Switch it up
In the Northern hemisphere, the phrase “Australian female rapper” can only be associated with one name: Iggy Azalea. For better or worse (read: undoubtedly worse) Azalea is the Land Down Under’s only successful female hip-hop export to date. However, some very public celebrity feuds and gratuitous acts of cultural appropriation have rendered her more embarrassment than ambassador. In the past two years, a 19-year-old rapper from Adelaide has been waiting patiently in the wings, crafting a handful of ambitious, radio-ready tracks. Now, with her successful ‘Switch Tape’ EP behind her and a debut album in the works, Zimbabwe-born Tkay Maidza is poised to redeem Aussie hip-hop on the international stage.
Her effortless flow and polished production have garnered comparisons to the likes of M.I.A. and Azealia Banks, though Maidza is quick to state her admiration for the undisputed queen of contemporary hip-hop. “Nikki Minaj was the reason why I started,” she says, having begun to write songs in her mid-teens. “She made me think, wow, girls actually do this thing!” The importance of elevating female voices in an industry dominated by male artists is not lost on Maidza. She recognises that she’s a pioneer, and hopes that, in time, she also proves to be a trendsetter. “I’m excited to see how far I go,” she says of her recent rise to prominence, “but I think it’s just the start of something, a bigger picture for women in Australia – not just rappers, but female vocalists as well.”

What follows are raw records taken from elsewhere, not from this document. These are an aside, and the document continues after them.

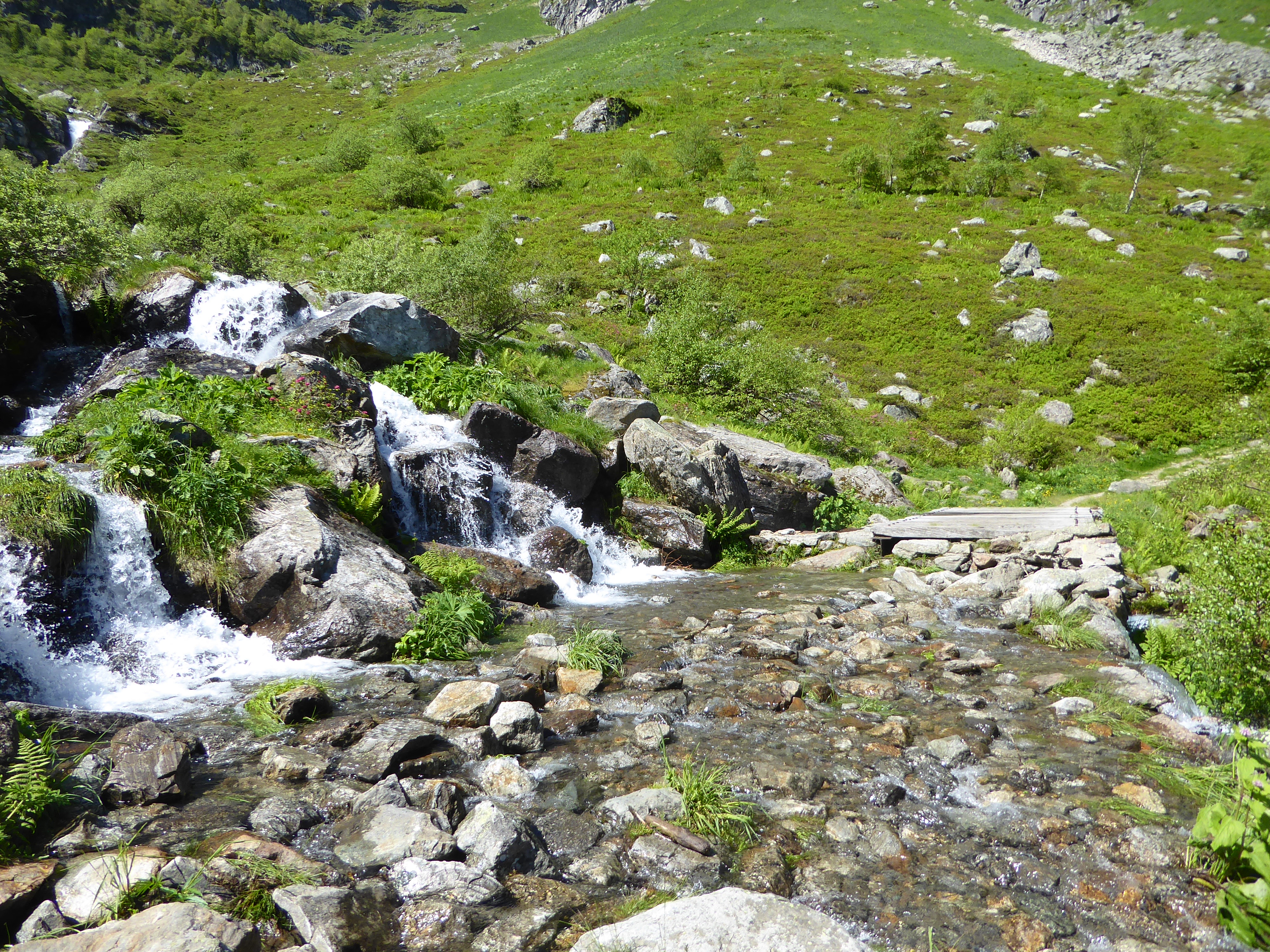 Passerelle (1513 m) : continuer à suivre le chemin remontant le Vallon du Lhécou direction Lac Bleu, balisé en jaune
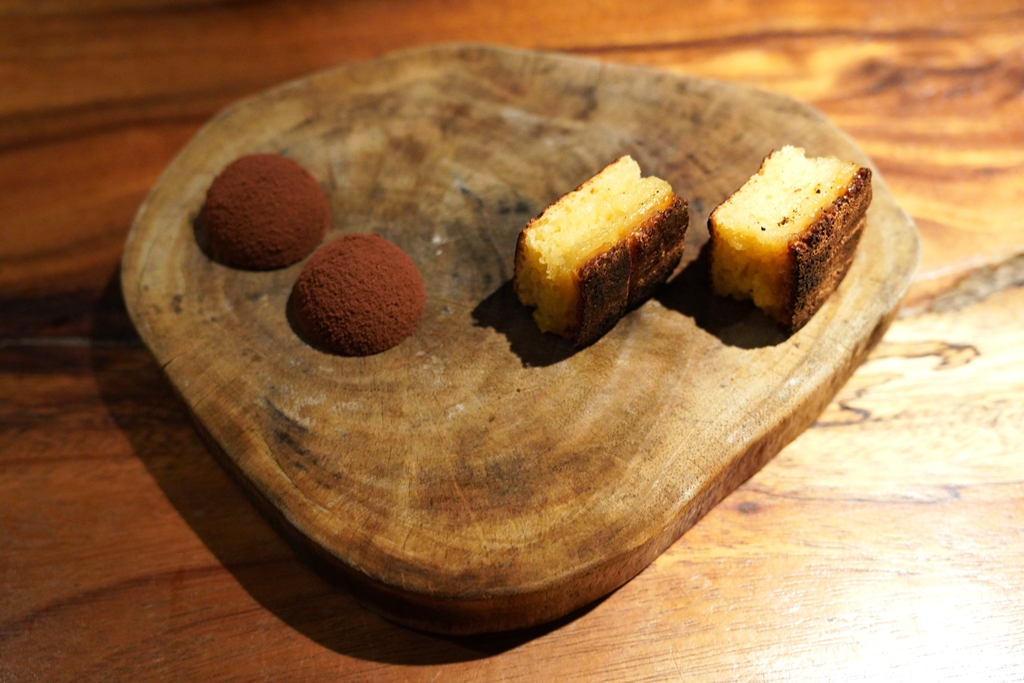 13th course : Cassava, Tsokolate [14/20] – ขนมหวานคำเล็กปิดท้ายมื้ออาหาร ได้แก่ ”ขนมเค้กมันสำปะหลัง“ สไตล์ฟิลิปปินส์ที่เนื้อด้านนอกจะเกรียมๆกรอบๆด้านในหนึบๆและ ”ช็อกโกแลตไส้น้ำปลา“ รสเข้มข้นที่เข้ากันแบบไม่คาว
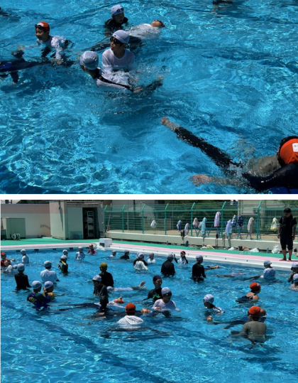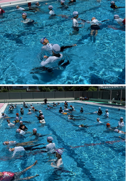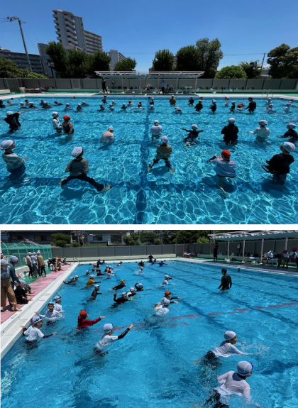 今日の3時間目の水泳の授業は、着衣泳に取り組みました。

Maidza is both humble and affable –the kind of person to laugh at a dud joke just to diffuse the tension – though her easy-going demeanour belies a discerning streak.
She’s aware of the naysayers who want to divest her of her achievements or discredit her successes, and she isn’t afraid to defend herself – “I don’t think it’s a fluke or anything, because I’ve been able to play some of the most elite festivals.”
In that she means Australia’s celebrated Splendour in the Grass Festival (an event she’s performed at twice) and earlier this year she was selected to fill in for Lykke Li at the touring Laneway Festival after the singer pulled out due to ill health. “It’s like Pitchfork Festival in Australia,” she says of the latter. “They always get the Pitchfork kind of people to play there. Not a lot of Australians get to play there.”